In the mortgage market, the focus to date has understandably been on ’if’ rather than ’when’ a mortgage account will be repossessed.

By cross referencing the results of survival analysis with household data provided by the Office for National Statistics, we have been able to generate a national and regional picture of what is likely to happen to repossessions in the year ahead.

“A total of 33,257 homes will be repossessed this year. Unfortunately, we also believe the upward climb will continue into 2012”

We believe this year will be a game of two halves, with 15,557 repossessions in the first half of the year climbing to 17,700 during the second half, as rising inflation, higher interest rates and continued job losses start to take effect.

We are forecasting that 33,257 homes will be repossessed in total this year – 0.3% of all mortgaged properties.

Unfortunately, we also believe the upward climb will continue into 2012, as public sector and benefit cuts start to bite. We anticipate the total number of repossessions rising to between 35,000 and 40,000 next year.

On a regional basis, the picture varies dramatically between areas such as Northern Ireland, where the rate of repossessions is expected to hit 0.83%, nearly three times the national average of 0.3%, and the South-West where the rate of repossessions is forecast to be 0.18%, just over half the national average.

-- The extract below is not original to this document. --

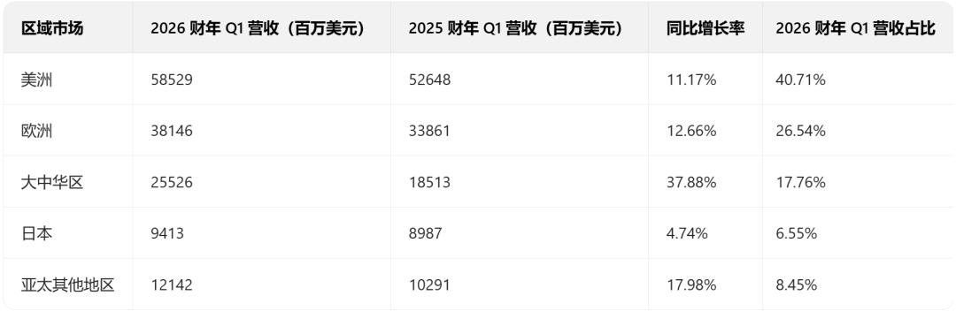▲苹果2026财年一季度各区域市场营收及同比情况,数据来源:苹果财报

Not only has Northern Ireland experienced an average house price fall of 10.2% last year but it has also suffered as a consequence of its links to the troubled economy of the Republic of Ireland.

The South-West, on the other hand, has benefited from house price increases of 5.3% last year – one of the highest increases in the UK – and a below-average rate of unemployment. Other regions where we anticipate repossessions could rise above the national average this year include Wales at 0.37%, London at 0.34%, the West Midlands at 0.33% and the North-East at 0.33%.

So what are the factors that will drive the lower the level of repossessions during the first six months of this year?

Many of the mortgages taken out at the height of the boom in 2006 and 2007 that will end in repossession have already come through and fed into higher figures last year.

Lenders have also tightened lending criteria, meaning that the risk profile of those obtaining mortgages in the last two to three years has, on average, been significantly better than in the years before the credit crunch.

Consequently, such borrowers have been more able to maintain repayments on their homes and so avoid repossession.

There have also been fewer first-time buyers. While this is not a good omen for the market, first-time buyers do represent a group that is statistically more likely to have their home repossessed than someone buying a subsequent home.

This takes us to the second half of the year, when a number of factors will combine to increase the number of repossessions once again.

Affordability pressures, combined with a continued tightening of lending criteria, may well lead to a fall in house prices this year. This may lead some lenders to repossess properties with high LTVs to avoid potential losses that would materialise as a result of falling asset values.

And finally, the government has reduced the interest payments for unemployed mortgage holders. While the majority of mortgages should not be seriously affected by the change, a considerable minority will be pushed into arrears as the relief payments they receive fail fully to meet their contractual repayment obligations.

These figures in themselves don’t provide the answers to the challenges facing lenders this year but they are an indicator of what’s likely to be in store and, as the saying goes, forewarned is forearmed.